*Problem details:* What is needed is a word-for-word copy of the lines below from the one with "先在向日葵中心圆上部话一般圆" through the one with "tiết kiệm điện.", both included, with every picture left out.

*Given information:*
####
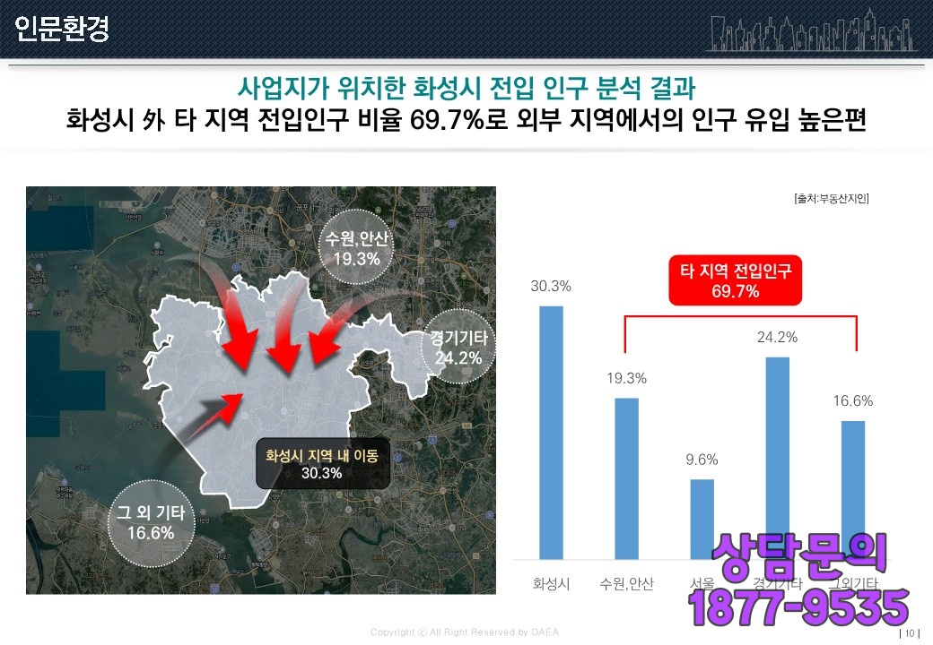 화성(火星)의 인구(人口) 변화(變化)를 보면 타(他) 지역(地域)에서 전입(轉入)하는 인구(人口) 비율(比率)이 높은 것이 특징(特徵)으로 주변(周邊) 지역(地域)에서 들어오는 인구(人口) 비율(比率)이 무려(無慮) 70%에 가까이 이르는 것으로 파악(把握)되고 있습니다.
####
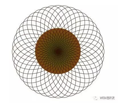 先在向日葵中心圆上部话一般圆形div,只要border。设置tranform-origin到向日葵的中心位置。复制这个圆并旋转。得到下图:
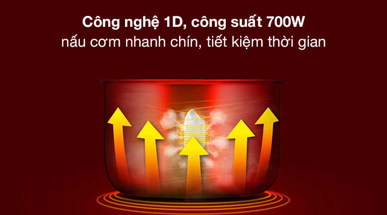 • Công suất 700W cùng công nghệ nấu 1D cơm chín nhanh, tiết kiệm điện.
####
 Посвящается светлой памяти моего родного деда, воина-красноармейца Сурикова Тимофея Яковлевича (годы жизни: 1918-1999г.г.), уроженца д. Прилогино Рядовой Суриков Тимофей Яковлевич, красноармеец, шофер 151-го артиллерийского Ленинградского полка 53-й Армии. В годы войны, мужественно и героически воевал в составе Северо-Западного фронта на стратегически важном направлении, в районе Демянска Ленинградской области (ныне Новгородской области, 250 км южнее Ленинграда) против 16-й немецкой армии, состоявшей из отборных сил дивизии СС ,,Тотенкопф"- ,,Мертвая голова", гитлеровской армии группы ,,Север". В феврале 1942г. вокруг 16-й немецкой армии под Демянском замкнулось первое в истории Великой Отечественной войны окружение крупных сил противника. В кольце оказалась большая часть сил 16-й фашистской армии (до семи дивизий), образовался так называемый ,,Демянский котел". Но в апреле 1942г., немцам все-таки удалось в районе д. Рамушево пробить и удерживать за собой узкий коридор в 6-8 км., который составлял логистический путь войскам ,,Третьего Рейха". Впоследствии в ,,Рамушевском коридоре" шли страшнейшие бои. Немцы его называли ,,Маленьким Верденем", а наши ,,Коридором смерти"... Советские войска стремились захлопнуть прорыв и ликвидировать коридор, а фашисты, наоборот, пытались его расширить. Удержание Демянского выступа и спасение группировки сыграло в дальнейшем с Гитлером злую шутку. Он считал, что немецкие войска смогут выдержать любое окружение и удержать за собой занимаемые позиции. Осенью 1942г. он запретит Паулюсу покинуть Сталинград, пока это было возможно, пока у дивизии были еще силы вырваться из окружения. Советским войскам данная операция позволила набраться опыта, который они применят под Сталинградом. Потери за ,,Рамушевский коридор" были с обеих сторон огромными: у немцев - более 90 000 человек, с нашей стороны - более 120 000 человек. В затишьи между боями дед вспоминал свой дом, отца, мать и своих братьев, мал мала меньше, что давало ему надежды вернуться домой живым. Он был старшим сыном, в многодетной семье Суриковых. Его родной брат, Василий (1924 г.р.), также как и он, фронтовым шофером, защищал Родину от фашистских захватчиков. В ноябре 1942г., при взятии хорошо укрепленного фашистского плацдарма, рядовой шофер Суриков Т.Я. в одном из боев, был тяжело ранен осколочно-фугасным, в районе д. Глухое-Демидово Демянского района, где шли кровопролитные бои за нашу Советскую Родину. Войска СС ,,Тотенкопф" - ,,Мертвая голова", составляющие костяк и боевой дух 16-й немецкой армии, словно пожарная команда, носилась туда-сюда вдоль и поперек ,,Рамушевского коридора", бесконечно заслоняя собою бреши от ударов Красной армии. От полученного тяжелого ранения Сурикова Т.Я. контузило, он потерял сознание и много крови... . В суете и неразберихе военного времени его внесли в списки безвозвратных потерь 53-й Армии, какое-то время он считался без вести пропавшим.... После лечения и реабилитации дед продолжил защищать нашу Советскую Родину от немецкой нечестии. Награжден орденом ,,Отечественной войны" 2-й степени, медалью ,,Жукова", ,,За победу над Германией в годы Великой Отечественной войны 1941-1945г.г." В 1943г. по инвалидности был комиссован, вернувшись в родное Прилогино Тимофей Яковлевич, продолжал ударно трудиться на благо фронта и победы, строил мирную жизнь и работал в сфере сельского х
####
*Finished task:*
 先在向日葵中心圆上部话一般圆形div,只要border。设置tranform-origin到向日葵的中心位置。复制这个圆并旋转。得到下图:
 • Công suất 700W cùng công nghệ nấu 1D cơm chín nhanh, tiết kiệm điện.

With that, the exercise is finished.